Do you ever just get tired?
Tired of life, friends, attitude...



Monotony. I feel like thats a running theme in my life.

Sometimes I wonder when something new will happen. A new friend, new dream, aspiration, boyfriend, life change...anything. Will it ever happen?

I feel like I'm stuck at a crosswalk in the middle of my life. The little white man appeared across the street so I began walking...

but suddenly, the crosswalk is a treadmill, and I can't move.
I'm stuck in the middle of traffic with no way forward and no way back.
And any second now, the light is going to turn green and I'm gonna be run over.



It's frustrating. I feel like newness is surrounding me - New freshmen on campus, new bible study, new journeys; mark going to Spain, new life stages; Ashley is pregnant.

Don't get me wrong, I'm so happy for them!

But me, I'm always the same. Its like I'm frozen in time while the world keeps spinning.



I've had the same haircut since 10th grade. I know thats a materialistic thing that doesn't really matter and I know I'll always want to change those things; I new cut, or color.

But not only do I want to be happy with my outward appearance but also how I feel on the inside.

What I really want to change is my attitude. I want to wake up and be motivated and excited.

Unfortunately, I was born with a glass half empty mentality



And I know it sounds pathetic, but I really do have to make myself look at the positive side of things.

I'm just so tired of the same old same old, I need to be rejuvenated.

This past week has been really draining on me.
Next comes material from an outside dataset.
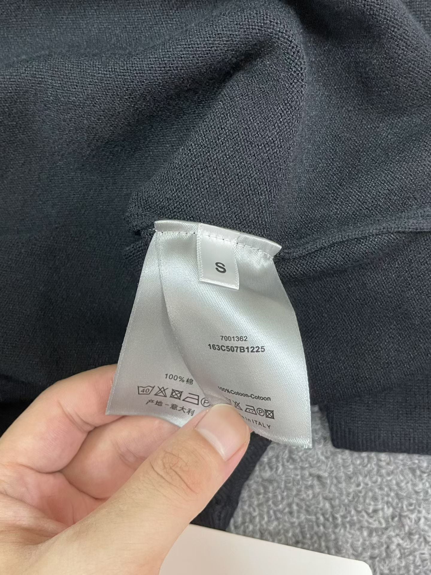 Designed with a tight and textured four-hole knitting technique, this sweater offers exceptional durability without pilling or losing shape. The minimalist design, adorned with the iconic Dior logo, infuses a sophisticated charm that complements any outfit effortlessly.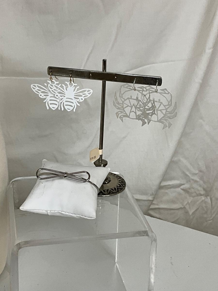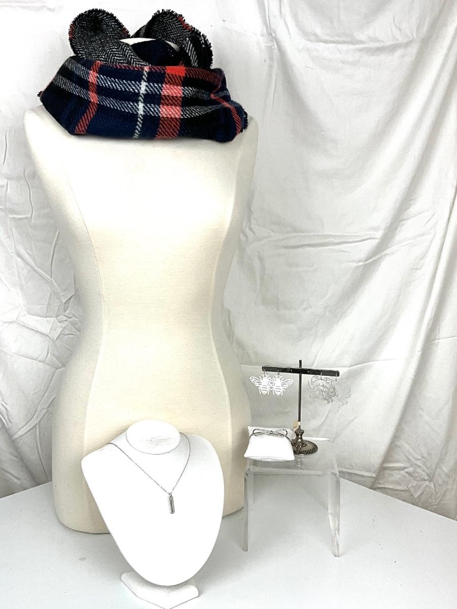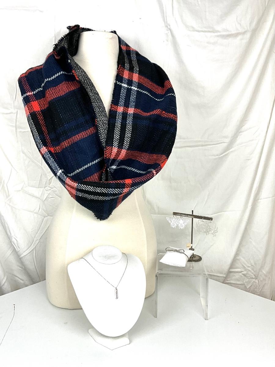 267 Tartan Plaid Wool Infinity Scarf, Necklace, Crab and Bee Earrings, with stand

I know that sounds selfish with everything going on around me, but it really has just made me feel exhausted. Hopefully it's just an off week.

On the verge of a mental breakdown is the right way to put it.
But don't freak out, I'm not depressed or anything, I'm just BORED.

Just plain bored.

If I can ask God one thing for my sophomore year, it's to just give me something new.

Give me something that makes me happy to wake up and start a new day, a passion for life and a purpose.

Maybe I just need to seek God out more, after all, he has all the answers.

2 comments:

Brent said...

I know you don't want to hear this - but it's the truth and I love you - so I'm telling you. Life doesn't just happen to you - you make life happen. What are you doing to change your situation? Are you doing and trying new things? Are you putting yourself out there and taking risks? The definition of insanity is doing the same things over and over expecting that, at some point, something will change. You gotta get out there and grab what you want from life - it won't just come to you.

Laura Maddox said...

Ah, I know! I have been doing that though! I've tried to get involved with so many things. I think one of the main problems with my generation is that no one knows how to communicate. I keep trying to do new things and make new friends and no one ever reciprocates it. I know it will happen eventually! I feel like I'm putting myself out there but maybe other people don't feel like I am? I'm going to keep trying to make it happen though, thats all I can do!

Thanks for always being there to listen to me complain, love you!